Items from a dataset

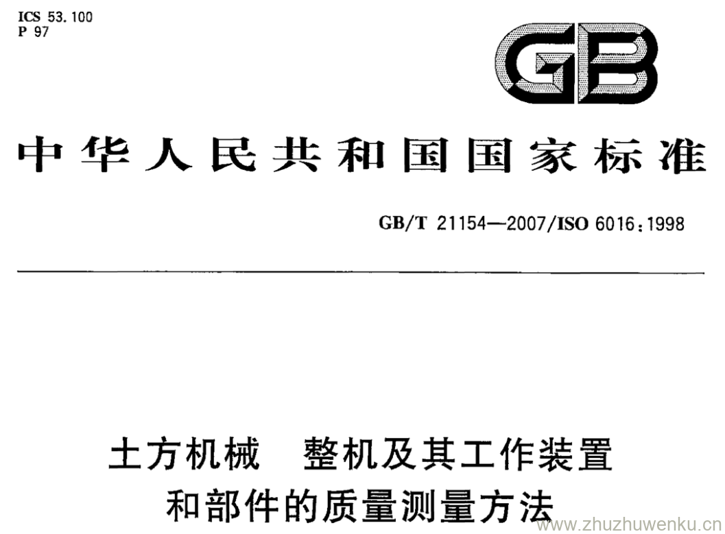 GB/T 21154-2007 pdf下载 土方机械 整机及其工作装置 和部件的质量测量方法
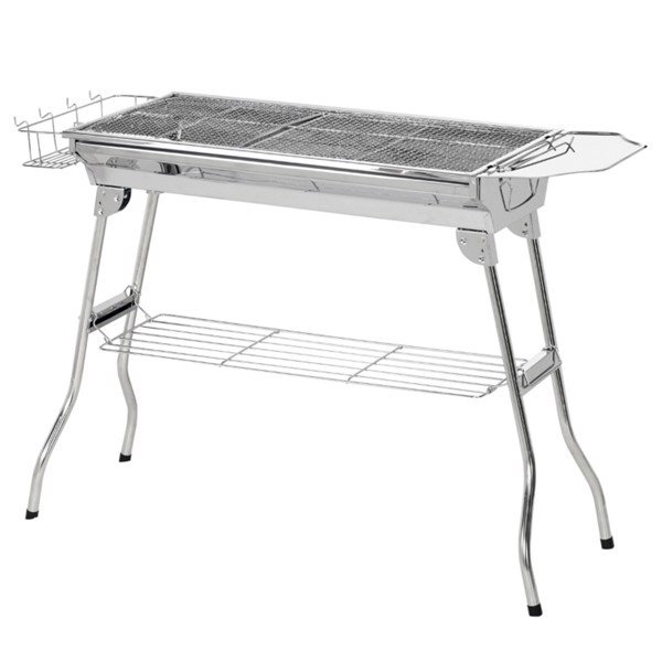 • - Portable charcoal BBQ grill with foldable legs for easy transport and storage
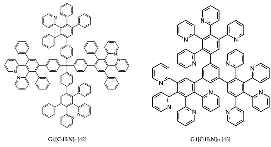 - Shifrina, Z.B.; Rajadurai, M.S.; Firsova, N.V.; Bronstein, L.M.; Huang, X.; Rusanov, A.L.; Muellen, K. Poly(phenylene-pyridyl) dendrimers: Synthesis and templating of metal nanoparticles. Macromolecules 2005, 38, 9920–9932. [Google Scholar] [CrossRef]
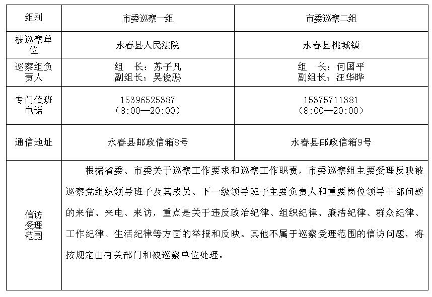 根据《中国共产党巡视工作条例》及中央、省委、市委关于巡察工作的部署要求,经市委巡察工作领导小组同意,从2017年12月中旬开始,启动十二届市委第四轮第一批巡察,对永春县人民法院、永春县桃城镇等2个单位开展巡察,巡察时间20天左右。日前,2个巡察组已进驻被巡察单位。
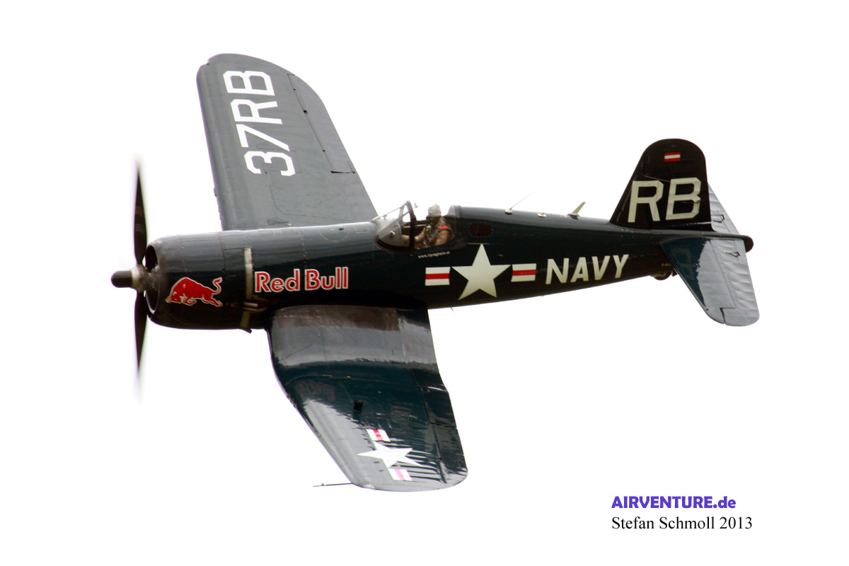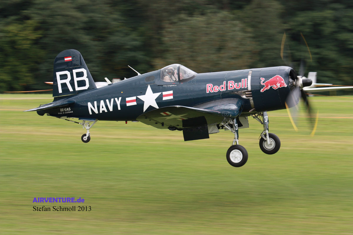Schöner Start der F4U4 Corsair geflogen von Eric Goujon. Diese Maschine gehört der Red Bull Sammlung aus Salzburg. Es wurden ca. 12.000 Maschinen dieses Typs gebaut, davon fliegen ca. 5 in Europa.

...

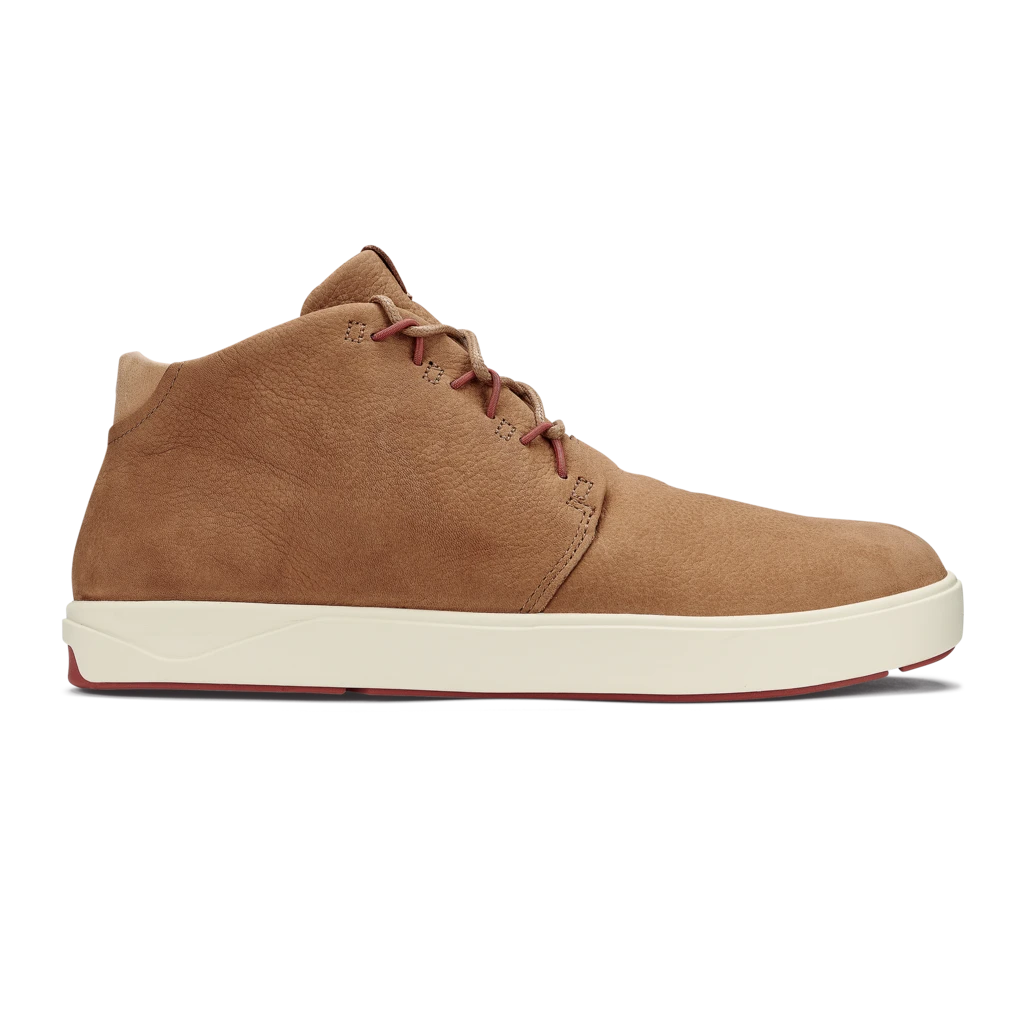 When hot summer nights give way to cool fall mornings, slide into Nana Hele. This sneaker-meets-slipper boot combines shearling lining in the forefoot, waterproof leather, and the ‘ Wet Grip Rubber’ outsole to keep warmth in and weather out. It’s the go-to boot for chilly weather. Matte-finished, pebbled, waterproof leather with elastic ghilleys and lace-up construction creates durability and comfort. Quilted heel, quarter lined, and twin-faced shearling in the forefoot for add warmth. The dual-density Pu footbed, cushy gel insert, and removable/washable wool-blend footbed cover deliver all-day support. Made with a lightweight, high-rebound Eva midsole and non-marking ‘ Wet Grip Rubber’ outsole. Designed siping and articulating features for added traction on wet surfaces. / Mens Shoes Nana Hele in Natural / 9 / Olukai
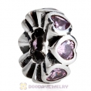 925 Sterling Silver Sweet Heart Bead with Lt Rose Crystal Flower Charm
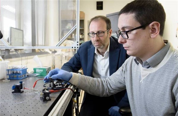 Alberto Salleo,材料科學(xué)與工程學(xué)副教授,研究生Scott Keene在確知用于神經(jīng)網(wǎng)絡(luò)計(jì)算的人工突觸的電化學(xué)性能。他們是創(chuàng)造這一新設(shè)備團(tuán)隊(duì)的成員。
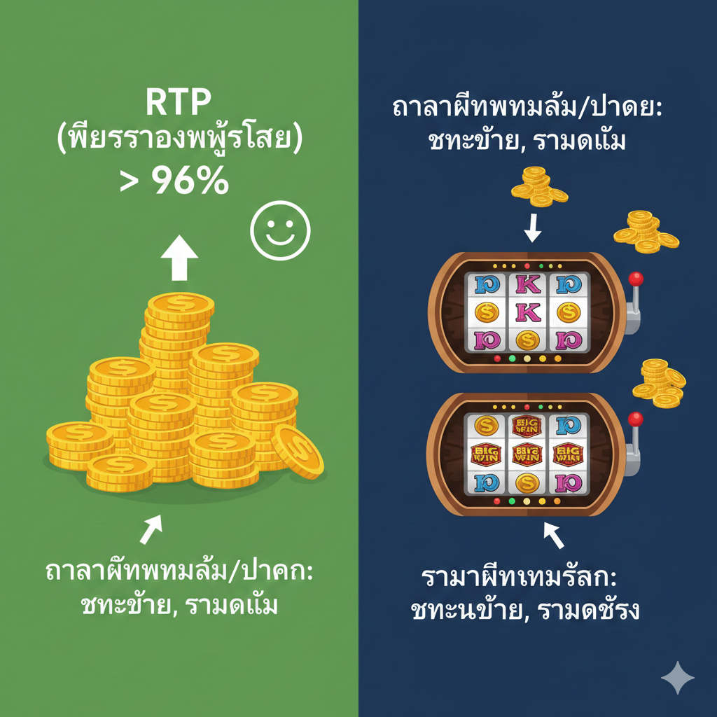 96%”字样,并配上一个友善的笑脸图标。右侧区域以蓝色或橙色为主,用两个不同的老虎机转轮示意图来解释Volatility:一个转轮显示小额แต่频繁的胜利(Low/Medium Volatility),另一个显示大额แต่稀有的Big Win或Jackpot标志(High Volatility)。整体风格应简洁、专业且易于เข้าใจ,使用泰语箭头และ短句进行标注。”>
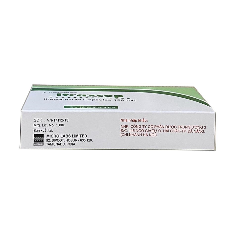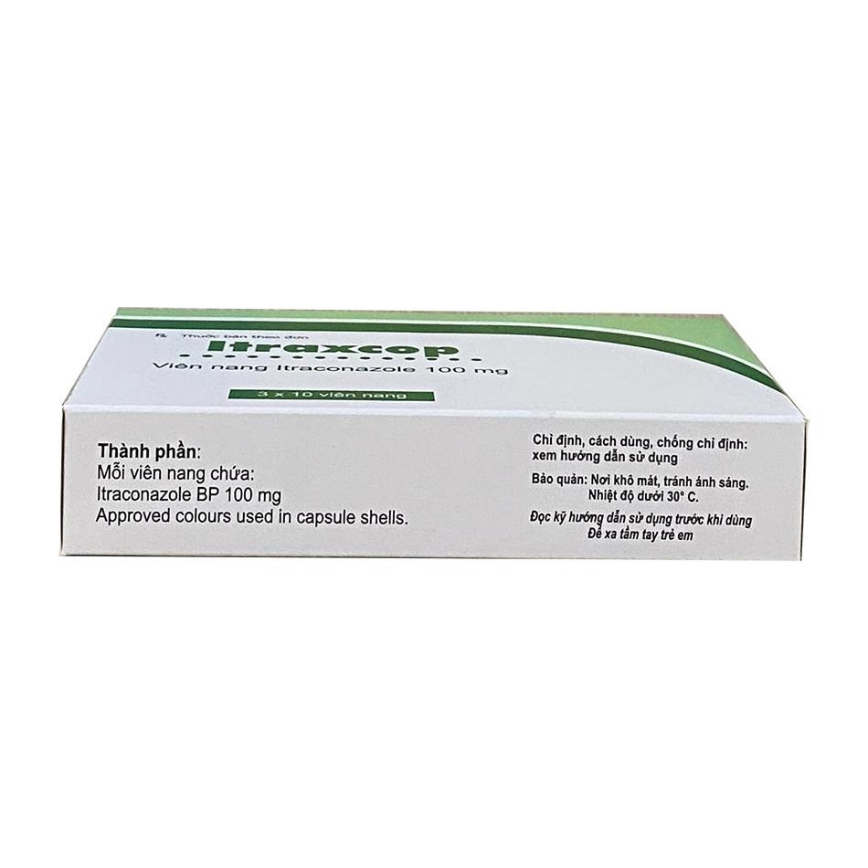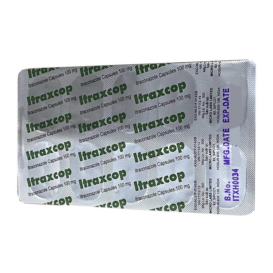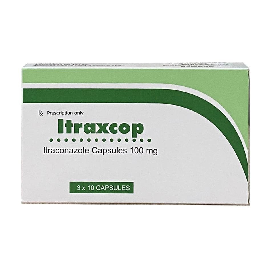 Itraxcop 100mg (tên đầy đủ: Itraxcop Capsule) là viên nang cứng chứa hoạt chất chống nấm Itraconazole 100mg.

= Your goal =
Give again the stretch of lines above from the one with "GB/T 21154-2007 pdf下载" through the one with "根据《中国共产党巡视工作条例", both ends kept, and copy no pictures.

= Solved problem =
 GB/T 21154-2007 pdf下载 土方机械 整机及其工作装置 和部件的质量测量方法
 • - Portable charcoal BBQ grill with foldable legs for easy transport and storage
 - Shifrina, Z.B.; Rajadurai, M.S.; Firsova, N.V.; Bronstein, L.M.; Huang, X.; Rusanov, A.L.; Muellen, K. Poly(phenylene-pyridyl) dendrimers: Synthesis and templating of metal nanoparticles. Macromolecules 2005, 38, 9920–9932. [Google Scholar] [CrossRef]
 根据《中国共产党巡视工作条例》及中央、省委、市委关于巡察工作的部署要求,经市委巡察工作领导小组同意,从2017年12月中旬开始,启动十二届市委第四轮第一批巡察,对永春县人民法院、永春县桃城镇等2个单位开展巡察,巡察时间20天左右。日前,2个巡察组已进驻被巡察单位。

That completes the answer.